**DATA SHOWN:**
------------------------
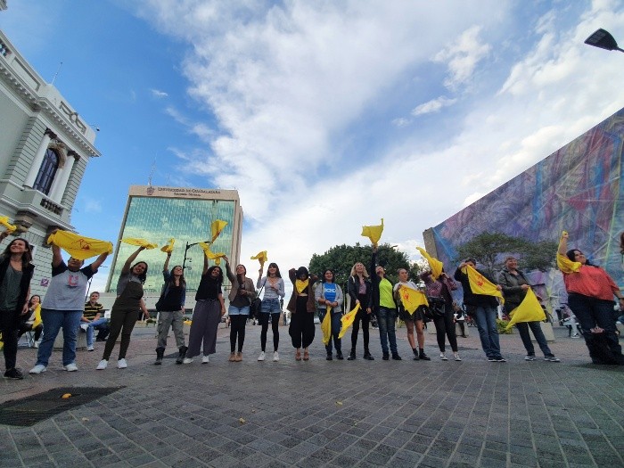 Vestidas con pañuelo amarillo, con cantos y la lectura de algunos datos que reflejan la violencia contra la mujer en México y, sobre todo en Jalisco, mujeres del estado se unieron a la protesta global contra la desigualdad."Dime si al salir volveré a casa segura", fue una de las frases del canto de uno de los shows.Guadalupe Ramos, integrante del Comité de América Latina y el Caribe por la defensa de los derechos de las mujeres (Cladem), señaló que la desigualdad se vive desde que se tiene que exigir seguridad."Nuestra primera exigencia es nuestro derecho a seguir vivas, vivir una vida libre de violencia y que, a partir de eso, se disminuyan las desigualdades", dijo.Agregó que actualmente la brecha salarial, que es otra de las principales desigualdades que se sufren, es de 20% menos que el salario de los hombres -por desempeñar el mismo trabajo-, según cifras de la misma Secretaría del Trabajo.Un caso que refleja esta diferencia fue el que ella misma vivió cuando, por dar la misma conferencia organizada por un Instituto de la Mujer, a ella le pedían gratuidad mientras que al otro ponente, quien es hombre, le pagaron 80 mil pesos. Al final, al reclamar que le pagaran lo mismo decidieron desistir de ella."Son acciones que parecen absurdas en esta época. (En el estado) sólo hay un discurso de igualdad que no se refleja en la realidad", expresó.Además, durante una de las intervenciones, señalaron que 2019 fue el año más violento para las mujeres de Jalisco con 254 homicidios violentos. También recogieron testimonios en cartulinas con la pregunta "¿A ti qué te ata?".Rosana Valdivia, quien forma parte de la Alianza contra la Desigualdad, resaltó que la desigualdad obliga a las mujeres a quedarse en entornos violentos que, muchas veces, terminan en la muerte."Este punto final se puede evitar con la apoyo tanto del Estado, como de los empresarios y de la sociedad, otorgando otras oportunidades a mujeres que viven estos entornos", agregó.Al grito de "¡Nos estamos desatando" y después la lectura de un decálogo de exigencias a las autoridades mencionadas -entre las que piden salarios justos, acceso a vivienda adecuada y justicia con perspectiva de género- las asistentes dieron por finalizado el evento.Algunos de los colectivos que se sumaron fueron Parvada, Techo, Cladem, Alianza por la Igualdad y Tejidos Feministas.JM
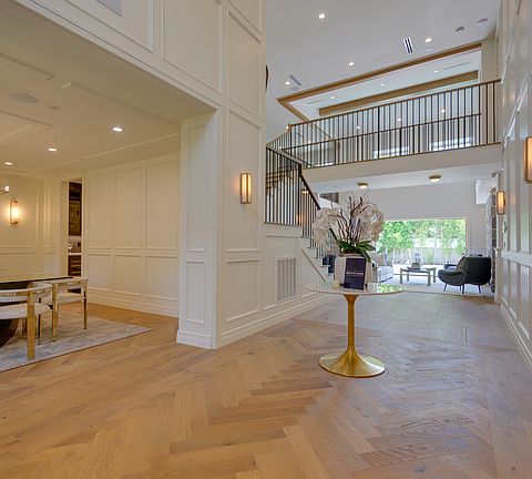 Welcome to a reimagined Colonial Mansion, set perfectly on a 15k sqft corner-gated lot. This exquisite stone, East Coast manor has five bedrooms, five a half baths in the main home and two bedrooms, two bathrooms in the guest house. The main home has over 6400 sqft with two story foyer, large living room with piatra marble fireplace, dining room that can hold 20 people, butlers, in home theater with 4k, family room and an enormous cooks kitchen with Sub-Zero/Wolf, Calcutta Gold marble counters, inset custom cabinetry, Waterstone fixtures, built in coffee and built in soda stream faucet. Upstairs you'll find a game room/loft, three ensuite bedrooms, laundry, and an incredible master suite complete with calcutta marble book matched steam shower, dual vanities, effervescent warming tub, Toto bidet. There are two closets, builts surround a linear fireplace and tree top views. The rear yard has a massive salt water pool/spa, bluestone decking, outdoor patio complete with smooth stucco fireplace, SubZero/Wolf BBQ & honed black granite. Large grassy yard with separate firepit & entry to guest house. The guest house welcomes you with a dramatic 2 story black paneled wall, french oak staircase, Rift oak modern cabinets, Thermador appliances, caesarstone counters & handmade white tile backsplash. There's private laundry, and ensuite guest baths. Exquisite!
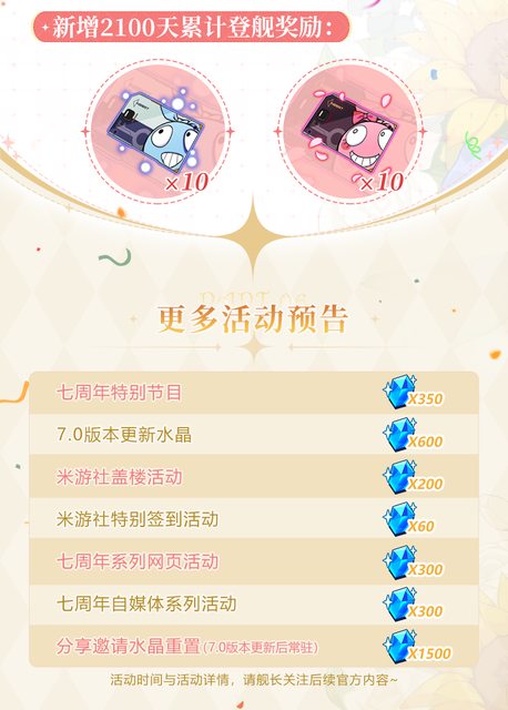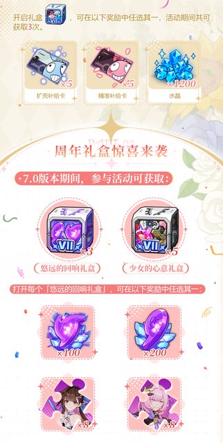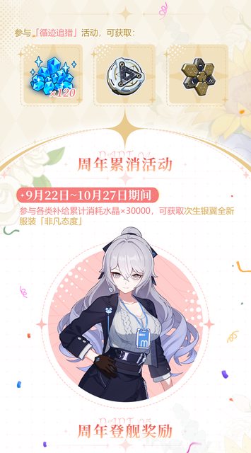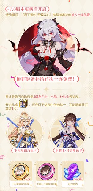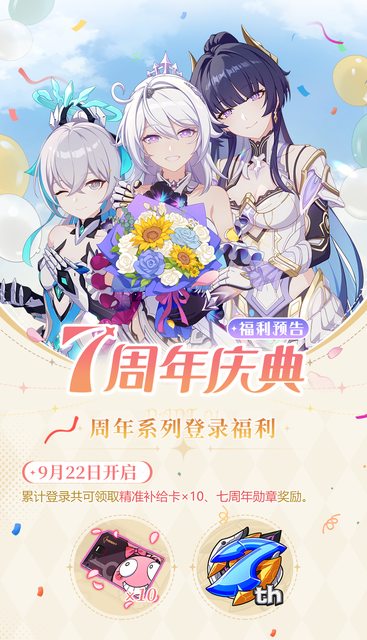 講一些除了送補給卡之外比較重要的: (其他服沒意外會拔一些獎勵到各自的週年慶活動) 大月下的精準有送一次免費10連 送星錨/月痕的角色卡or晉升印章 星錨的新造型是活動免費拿的,主線有一個芽衣聖痕 大鴨鴨的造型是累消拿的,會在6.9版本末開 -- ※ 發信站: 批踢踢實業坊(web-ptt.tw), 來自: 223.26.108.44 (臺灣) ※ 文章網址: https://web-ptt.tw/miHoYo/M.1694092537.A.CE6
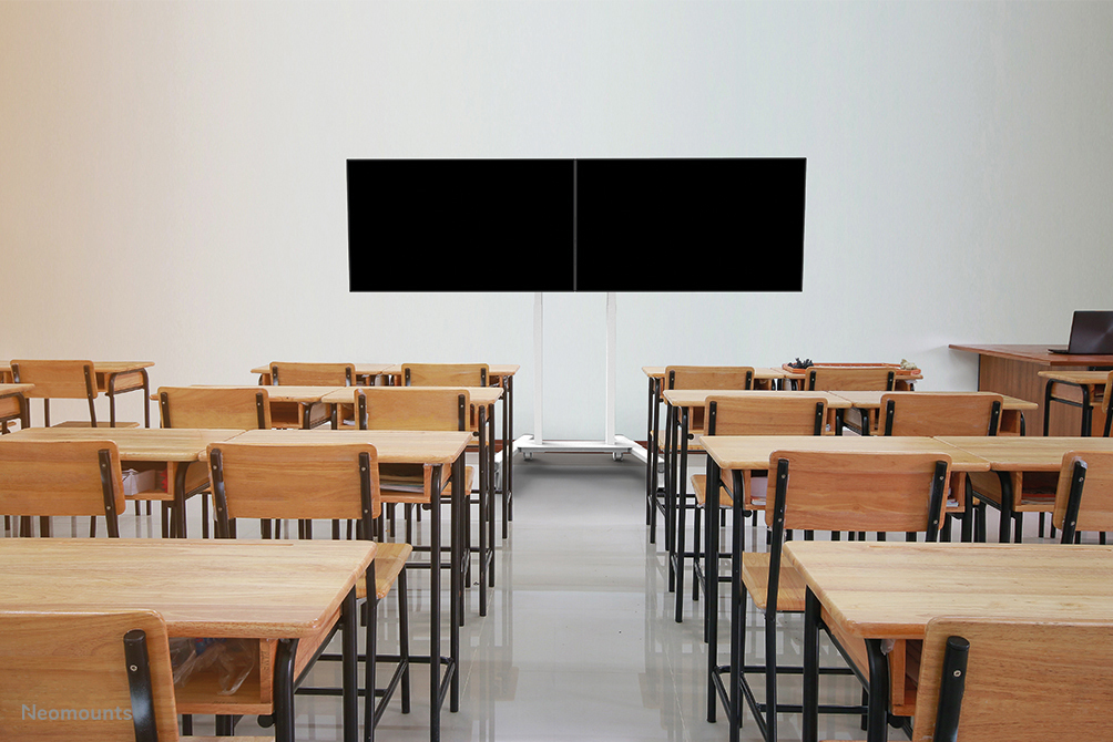 De Neomounts ADM-875WH2 is een optionele dual screen adapter voor de FL55-875WH1 mobiele vloersteun en WL55-875WH1 wandsteun. De adapter maakt het mogelijk om 2 schermen van 42″ tot 65″ met een maximaal gewicht van 40 kg per scherm te installeren. De in hoogte verstelbare beugels zorgen voor een perfecte uitlijning van de schermen. Het is mogelijk deze beugels te vergrendelen d.m.v. een hangslot (niet meegeleverd). Het is ook mogelijk om een XXL-scherm te installeren tot VESA 2000×600 mm en max. 80 kg.
------------------------
**WHAT THIS TASK INVOLVES:** All that belongs in the answer is the exact run of lines from the line containing "講一些除了送補給卡之外比較重要的: (其他服沒意外會拔一些獎勵到各自的週年慶活動) 大月下的精準有送一次免費10連" to the end of the listing above, pictures removed.

**TASK RESPONSE:**
 講一些除了送補給卡之外比較重要的: (其他服沒意外會拔一些獎勵到各自的週年慶活動) 大月下的精準有送一次免費10連 送星錨/月痕的角色卡or晉升印章 星錨的新造型是活動免費拿的,主線有一個芽衣聖痕 大鴨鴨的造型是累消拿的,會在6.9版本末開 -- ※ 發信站: 批踢踢實業坊(web-ptt.tw), 來自: 223.26.108.44 (臺灣) ※ 文章網址: https://web-ptt.tw/miHoYo/M.1694092537.A.CE6
 De Neomounts ADM-875WH2 is een optionele dual screen adapter voor de FL55-875WH1 mobiele vloersteun en WL55-875WH1 wandsteun. De adapter maakt het mogelijk om 2 schermen van 42″ tot 65″ met een maximaal gewicht van 40 kg per scherm te installeren. De in hoogte verstelbare beugels zorgen voor een perfecte uitlijning van de schermen. Het is mogelijk deze beugels te vergrendelen d.m.v. een hangslot (niet meegeleverd). Het is ook mogelijk om een XXL-scherm te installeren tot VESA 2000×600 mm en max. 80 kg.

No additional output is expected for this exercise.